A medical device is any ‘article’ intended to be used specifically for diagnostic and/or therapeutic purposes for human beings for the purpose of diagnosis, prevention, monitoring, treatment or alleviation of disease (e.g. urinary catheter), control of conception (e.g. condom), diagnosis, monitoring, treatment, alleviation of or compensation for an injury or handicap (e.g. bone cement) or investigation, replacement or medication of the anatomy or of a physiological process (e.g. hip replacement).
A medical device does not achieve its principal intended action in or on the human body by pharmacological, immunological or metabolic means, but may be assisted in its function by such means.
A medical device may not be placed on the market of a Member State unless it is appropriately CE marked which indicates its conformity with the provisions of the medical device regulations.
Current issues in this Sector
Managing regulatory compliance
All stages of the product life-cycle, from research and development through manufacturing and marketing of products, are governed by multiple regulations both at national and European level and the number of regulations are continuously increasing. Non-compliance can cost a company their reputation and a lot of money due to fines, complaints, recalls, additional audits and more. In the wake of the recent and widely reported defective silicone gel breast implants and hip replacement products new, more stringent, regulations have already been proposed by the European Commission in order to ensure an adequate legal framework to guarantee the safety of medical technology, especially for high-risk devices.
Supply chain control mechanism and identification/traceability (Unique Device Identification (UDI))
Monitoring and keeping track of devices placed on the European Union’s (EU’s) ‘borderless’ market is always a challenge. The mandatory information to be input into databases (i.e. EUDAMED) by Notified Bodies, Manufacturers, Authorised Representatives, Importers, Distributors and Member States is increasing. EUDAMED, the central registration database, will reduce the administrative burden on manufacturers by removing diverging national registration requirements and thus reducing compliance costs. A UDI system is an additional labelling requirement for medical devices to provide early detection of defective devices and facilitate device recalls, thereby enhancing patient safety and reducing medical errors.
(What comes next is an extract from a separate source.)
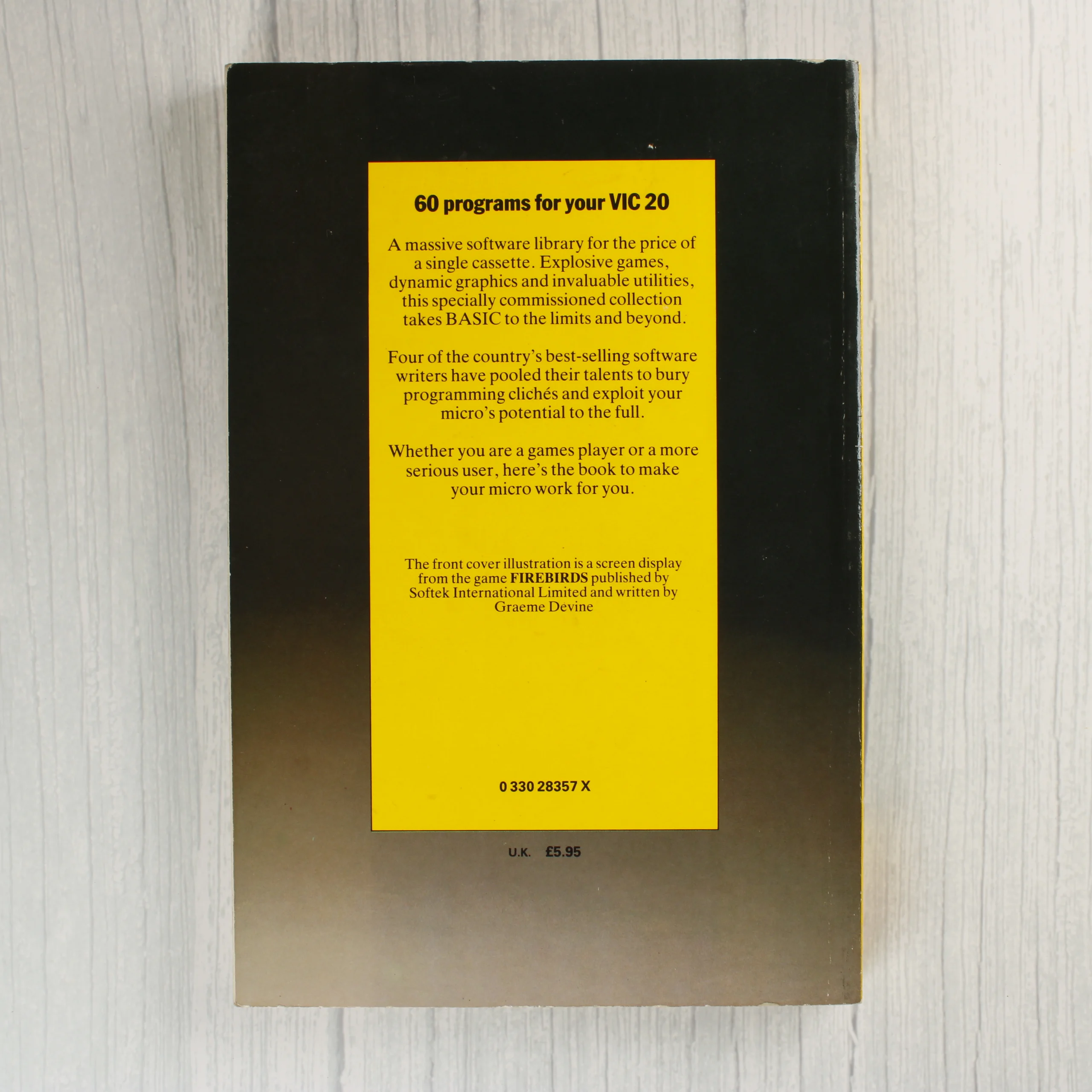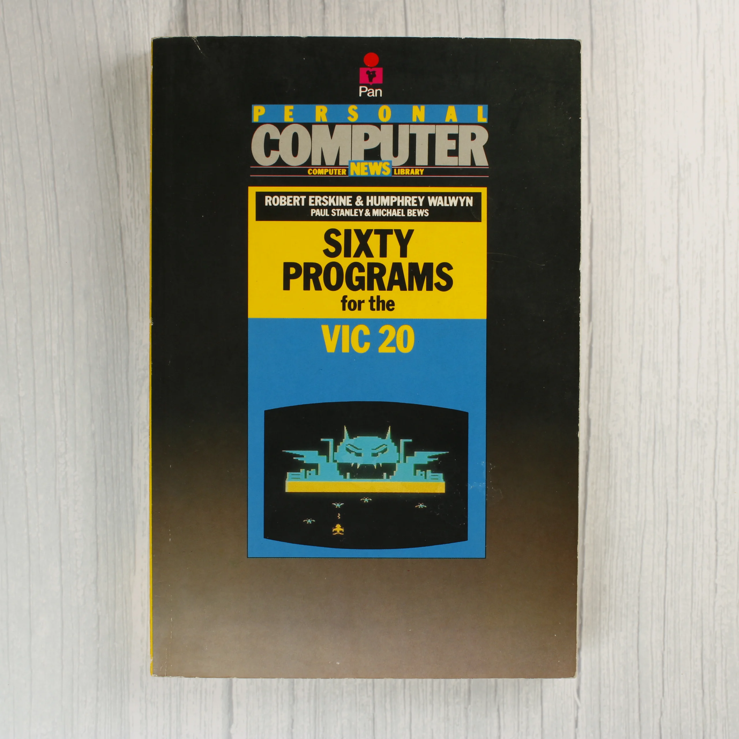 A Sixty Programs for the VIC 20 egy puhafedeles számítástechnikai szakkönyv, amely a Pan Personal Computer News Library sorozat része. A borító fekete alapszínű, középen sárga és kék sávokkal, amelyeken a cím és a szerzők nevei olvashatók. Az előlapon egy videójátékból származó képernyőmentés látható. A könyv Robert Erskine, Humphrey Walwyn, Paul Stanley és Michael Bews munkája. A hátoldalon sárga keretben olvasható a tartalom rövid összefoglalója és az ISBN azonosító. A kiadvány élei mentén enyhe kopás és használati nyomok látszanak, a sarkok minimálisan lekerekedtek, de a kötés épnek tűnik.

This system will become mandatory as part of the new Medical Device and In Vitro Diagnostic (IVD) Regulations.
Notified Body intervention
Medical devices are not subject to any pre-market authorisation by a regulatory authority but to a conformity assessment which, for medium and high risk devices, involves an independent third party, known as a ‘notified body’. Oversight and control of notified bodies is vital to ensure a high level of patient safety and confidence in the regulatory system, especially in the assessment of the manufacturers’ clinical evaluation. Under the new proposed Medical Device Regulations a new scrutiny system is introduced, to review the notified body’s preliminary assessments of manufacturer files for high-risk, innovative devices. At the same time notified body oversight of manufacturers will be significantly strengthened including unannounced factory inspections and sample testing.
Difficulties to be avoided
Regulatory Strategy and Classification
The medical device market changes frequently in terms of technology, risk potential, marketing and reimbursement. Lack of adequate planning and regulatory strategy (regulatory roadmap) for a chosen market(s) can cause higher development costs and unexpected delays resulting in a longer development cycle. In view of the diverse nature of the devices and technological progress in this field, the borderline classification between, for example, medicinal products and medical devices is sometimes difficult to draw due to hybrid technologies. It is therefore paramount to ensure that the product to be developed is correctly classified within each jurisdiction and therefore the route to market strategy appropriate. The classification system of in vitro diagnostics will be significantly changed by the new IVD regulations.
Since the amendments to directive 93/42/EEC in March 2010 (via directive 2007/47/EC) all medical devices, regardless of risk or classification, must include a clinical evaluation (analysis of clinical data from clinical investigation, clinical experience and/or clinical literature review) in accordance with Annex X to demonstrate conformity with the essential requirements. Clinical data must be sufficient and of an appropriate quality & quantity to demonstrate safety, performance, risk benefit analysis and support of labelling claims for the device in question. Clinical literature and data from equivalent devices is critical to include in an evaluation, even if a clinical investigation is performed. The clinical evaluation is a standalone document and must be actively updated (future device changes, amendments, post-market clinical follow-up, vigilance, etc.).
Where a device incorporates, as an integral part, a medicinal product which is liable to act upon the body with action ancillary to that of the device, the quality, safety and usefulness of the substance must be verified by analogy with the methods specified in Annex I to Directive 2001/83/EC. Regulatory and clinical strategy should incorporate additional activities, resources and timelines for the drug component including drug agency interaction (scientific advice) and review times.